The major north–south routes near Waynesville are:

- Route 17 which crosses Interstate 44 at exit 153 at Buckhorn, runs east through Waynesville, turns north to Crocker and going to Iberia. South of Interstate 44, Highway 17 hugs the western edge of Fort Leonard Wood, passes near Laquey, and circles south of the post until it leaves the county and joins Highway 32 in Roby.
- Highway T which runs north from Highway 17 at Waynesville to Swedeborg, where it meets and ends at Highway 133 about halfway between Richland and Crocker.

Major attractions along U.S. Route 66 include the Old Stagecoach Stop in downtown Waynesville, which is now a museum but began as a tavern and boarding house and is the oldest standing structure in the county. It was used as a Civil War hospital for Union troops who were garrisoned above the city in Fort Wayne, which was demolished after the war. The Old Courthouse Museum in downtown Waynesville is near the Old Stagecoach Stop. The City Of Waynesville does not provide any public transportation like buses or shuttles.

==Media==

KFBD-FM and its AM sister station, KJPW, are the dominant news radio providers in the Pulaski County area, which includes Fort Leonard Wood, Waynesville and St. Robert. These stations compete with the only other station broadcasting from Pulaski County, KFLW Radio, previously owned by the Lebanon Daily Record and working locally from the St. Robert offices of the Pulaski County Mirror weekly newspaper.

The Pulaski County Daily News online newspaper is privately owned by a Waynesville resident. The Pulaski County Insider is run and maintained by a businessman from St. Robert and hosted by a Potosi resident. The county's weekly paper, the Dixon Pilot, does not routinely cover Waynesville.

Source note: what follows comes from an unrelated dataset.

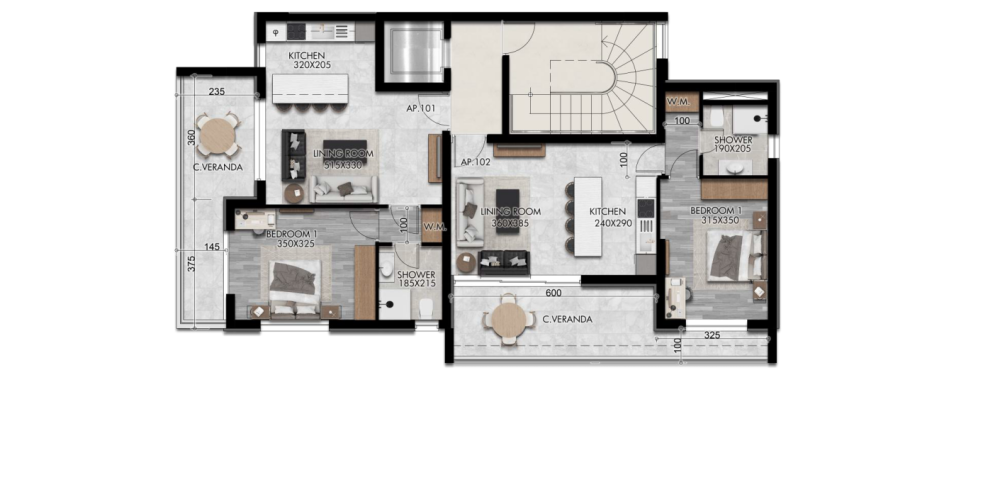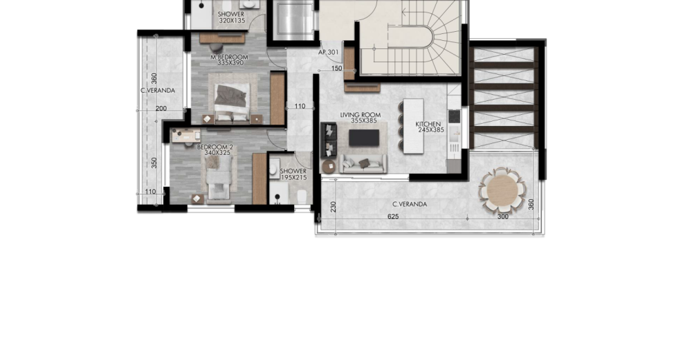 - Апартаменты на 2-м и 3-м этажах: жилая площадь 80 м², крытые веранды 28–29 м²

Pulaski County historically had one daily and three weekly print newspapers, as well as an online internet daily newspaper. All but the weekly Dixon Pilot and the online Pulaski County Daily News are now closed. The county also has an internet discussion site, the Pulaski County Insider. The Daily Guide, commonly known as the Waynesville Daily Guide, but based in St. Robert and serving the entire county, closed in September 2018. It was owned by GateHouse Media and was the central printing plant for three other GateHouse newspapers in nearby counties, the daily Camden Lake Sun Leader and Rolla Daily News as well as the weekly St. James Leader-Journal. The Rolla Daily News and the St. James weekly have since closed as well.

The content of the now-closed weekly Fort Leonard Wood Guidon was previously produced under the auspices of Army Public Affairs at Fort Leonard Wood but printed under contract by the Springfield News-Leader, a Gannett-owned newspaper which produced and sold advertisements in the Fort Leonard Wood Guidon. The military contract to produce the Guidon was held by the Lebanon Daily Record until the end of 2002, and before the Lebanon Daily Record had been held by the Waynesville Daily Guide for many years. The weekly Pulaski County Mirror closed in February 2017 and had been owned by the Lebanon Daily Record, a family owned newspaper in an adjoining county. The paper is a merger of the Richland Mirror and Pulaski County Democrat in St. Robert, which were separate weekly papers owned by the Lebanon Daily Record until the owner merged them in 2009.